August 30th, 2015 Brian Herzog
A patron called one morning to say she that our printer had given her laptop a virus. Huh.
She explained that she had been in the library the day before. Her printer is broken, so she came in to use our Print from Anywhere service. It all worked fine, but now when she opens Chrome, our printer page comes up and she can't get rid of it. Previously her browser always opened into her email, and she wanted me to get that back.
She described the page to me, which turned out to be the print confirmation page. And while telling me everything she tried to do to fix "the virus," she kept mentioning she right-clicks to close tabs. I don't use Chrome very often, so I thought she may have accidentally clicked "set this tab as my homepage" or something like that.
While she was talking I opened Chrome to check, but that was not a right-click menu option. However, in the settings, I found Chrome does default to "Continue where I left off" - which means it just opens the printer page because that was the page she was on when she closed her laptop.
After I explained this might be the issue, she was willing to test my theory, but was clearly skeptical that it could be that simple. However, she typed in her email url, close Chrome, reopened it, and sure enough, it worked.
I told her if she unchecked that option, we could force her email to come up every time she opened Chrome, no matter what she was doing before. She made it sound like that sort of wizardry was unnecessary, thanked me for fixing her virus, and hung up.

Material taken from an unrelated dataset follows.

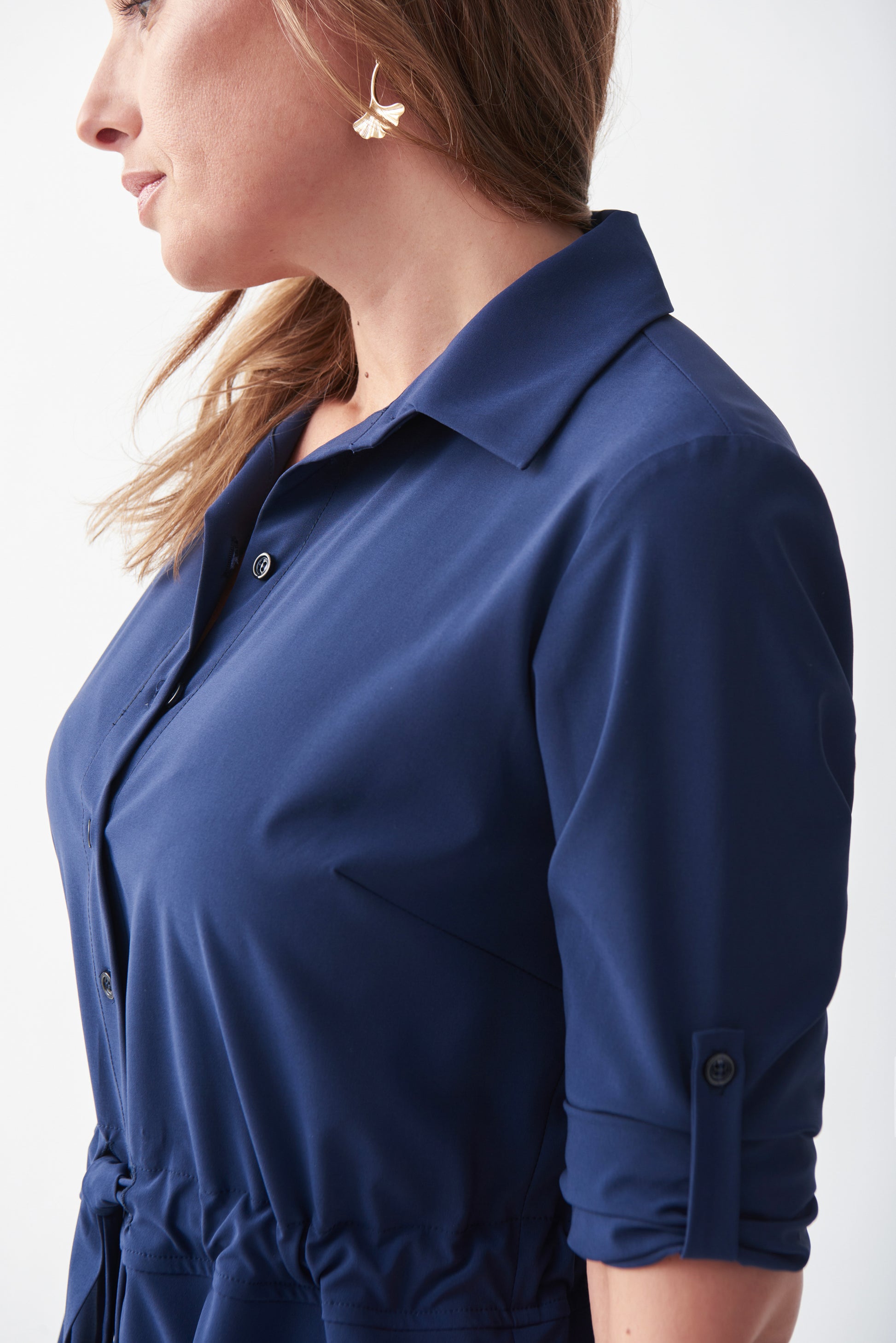 Vestido azul marino, estilo camisero, elástico con cintura ajustada y cuelo con detalla de nudo en la cintura, manga 3/4 remangada con trabillas, cierre delantero con botones

She really was kind of upset - well, overwhelmed by the arbitrary whims of technology, more like - so I was happy we could get things back to normal for her. Hopefully this doesn't sour her on the library or the Print from Anywhere service. We shall see.
April 18th, 2015 Brian Herzog
This week's question is really only funny because of an amazing coincidence, and for the ensuing internal embarrassment.

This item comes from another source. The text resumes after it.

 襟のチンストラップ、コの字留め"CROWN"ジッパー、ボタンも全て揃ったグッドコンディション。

On Thursday this week, a young woman with an Eastern European accent came up to the desk and said she had something she needed to print. She could see it in the email on her phone, but not when she logged into her Yahoo account online - so what could she do?
Our Print from Anywhere service allows people to submit print jobs by email, so I explained how to do that. It's kind of a long email address to type, and when I pulled out our brochure which has the email on it, she said thanks and took it over to a nearby table to actually send the message.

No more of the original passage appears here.